In order to further support the conclusion that hindered settling is essential for the bifurcation, we again consider the depth-integrated sediment balance (12) without hindered settling. We assume a dynamic tidal equilibrium exists and take the tidal average. The result reads
$$ \left\langle\phi_{\text{bed}} \right\rangle= \left\langle\underbrace{\frac{M_{0}}{w_{s,0}c_{\text{gel}}}\max\left(0, \frac{\tau}{\tau_{c}}-1\right)}_{\tilde{E}}\right\rangle, $$
i.e. the tidally averaged near-bed concentration depends linearly on the dimensionless erosion parameter and does not depend on the rate of turbulent mixing of the water column. For comparison, the solution with hindered settling leads to the non-linear relation \(\langle (1-\phi _{\text {bed}})^{m} \phi _{\text {bed}}\rangle = \langle \tilde {E}\rangle \) (see Eq. 20 in Appendix). The solution without hindered settling is plotted in Fig. 7 (blue line). Clearly, there is no bifurcation. High near-bed concentrations of the order of the gelling point can nevertheless be attained, but only at values of \(\langle \tilde {E}\rangle \) which are one order of magnitude larger than in the case with hindered settling (compare \(\tilde {E}_{\text {crit}} = 0.067\)).
The figure also shows the depth- and time-averaged concentration without hindered settling, with and without sediment-induced turbulence damping (red solid line and red dotted line respectively). In these experiments, all parameters have their default values (Table 1), the stock is infinite and the variation of \(\langle \tilde {E}\rangle \) is obtained by varying |ζ x |. The figure shows that sediment-induced turbulence damping has a significant effect by reducing the depth-averaged concentration compared to the situation without turbulence damping. It also shows that turbulence damping alone does not lead to any bifurcations.
Fig. 7

Relation between 〈ϕbed〉 and the tidally averaged dimensionless erosion parameter if hindered settling is removed from the model. The blue line shows the near-bed concentration. The red line shows the depth-averaged concentration, compared to the depth-averaged concentration if both hindered settling and sediment-induced damping are omitted (red dotted line). The figure is obtained by varying the tidal M2 amplitude of ζ x in the model

5 Discussion

In this section, we investigate the sensitivity of the model results to different parametrisations and parameter choices. In Section 5.1, we discuss several formulations and parameter choices related to hindered settling. In Section 5.2, we look at several formulations for erosion. Finally, the role of flocculation is discussed in Section 5.3. An exhaustive discussion of each available formulation is beyond the scope of this paper, but the influence of different parametrisations will be at least qualitatively discussed and the methodology to perform an in-depth analysis will be indicated where deemed necessary.

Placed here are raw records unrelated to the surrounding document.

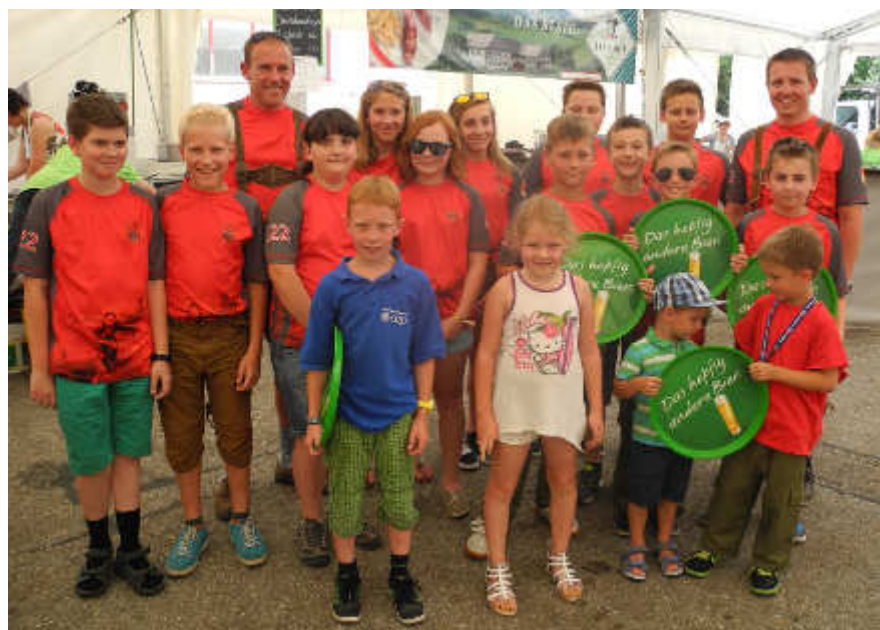
Bereits die Feuerwehrjugend hilft fleißig beim alljährlichen Fest.

Zum Abschluss der Saison findet der Feuerwehrlandesbewerb statt, dieses Mal in Hirschbach vom 10. bis 11. Juli. Hier können unsere Floris noch einmal richtig Gas geben! Ein Dankeschön gilt der Feuerwehrjugend für die tatkräftige Mithilfe beim Feuerwehrfest! Die Mannschaft und auch die Festbesucher freuen sich jedes Jahr über den Fleiß unserer jungen Mädchen und Burschen.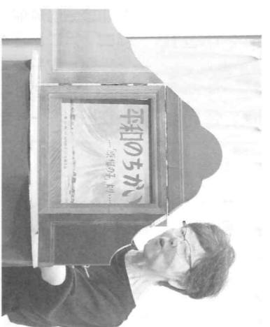
広島原爆の紙芝居

平和な世界を目指し、高校生や大学生による実行委員会が「8・6平和の心 マッセージコンサート」を社会福祉法人・まるご福祉会の方よりホールで開いた。戦争体験者の講演や児童による平和を願う作文の発表など、各世代が発表した。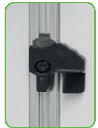
Verriegelung bei geschlossenen Auszügen

Die Schließstange befindet sich (von vorne gesehen) auf der rechten Innenseite des Korpus. Die Auszüge lassen sich im geöffneten Zustand mit leichtem Druck an der Unterseite des Auszuges nach oben aus den Teleskopschienen aushaken, um besser an die Verriegelungsstange zu gelangen. Die Verriegelungen lassen sich ohne Werkzeug in die gewünschte Stellung bringen: Bewegen Sie die Verriegelung einfach in die gewünschte Richtung. Das Einsetzen erfolgt einfach, indem die Auszüge auf die ausgezogenen Schienen (vorne überstehend) aufgelegt und mit vorsichtigem Druck zurück in den Korpus geschoben werden. Sie rasten anschließend automatisch ein. Nun sollte die Verriegelung wieder ordnungsgemäß funktionieren.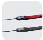
LY-01R / LY-01B 吊帶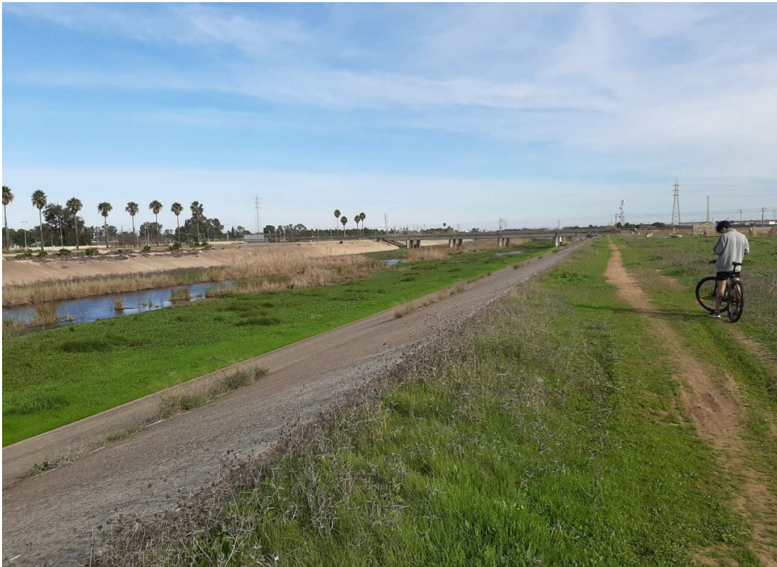
Zonas de protección del Canal del Nuevo Cauce del Río Guadaira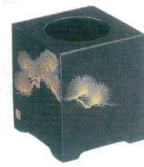
11-173-7 困 ☉ 松沈金 ¥ 45,000 (W180・D180・H190)

5.1 Other parametrisations of hindered settling

The existence of a limit point when the erosion parameter attains a critical value, depends crucially on hindered settling. Three parametrisations of hindered settling prevail in liter- ature. The first is the formulation proposed by Richardson and Zaki (1954) (see Eq. 10), in which the parameter m is empi- rical and still needs to be chosen. Laboratory measurements indicate m is likely between 2 and 5. The second formulation is by Dankers and Winterwerp (2007). It reads
$$ w_{s} = w_{s,0}\frac{(1-\phi)^{m}(1-\phi_{p})}{1 + 2.5\phi}. $$
Here, ϕ p is the volumetric concentration of primary particles, defined as c/ρ s , with ρ s the dry density of the soil. Dankers and Winterwerp (2007) propose m = 2 after a comparison to measurements. The third formulation is by Toorman and Berlamont (1993), in which we neglect the contribution related to consolidation and rewrite to our notation as
$$ w_{s} = w_{s,0}e^{-\alpha\phi}, $$
where α is an empirical parameter. Mehta (2014) summarises data from three studies, with α ranging between 5.5 and 8. Here we use α = 7, but the results are qualitatively the same for all values in this range.

Figure 8 shows the stable and unstable erosion-limited branches in a stationary flow for various values of m in Eq. 10, m = 2 in Eq. 14 and α = 7 in Eq. 15. All curves show the same characteristics as found before: the existence of a bifurcation point, where one stable and one unstable solution branch meet. The various curves only differ in the value of the critical dimensionless erosion parameter and the corresponding near-bed concentration.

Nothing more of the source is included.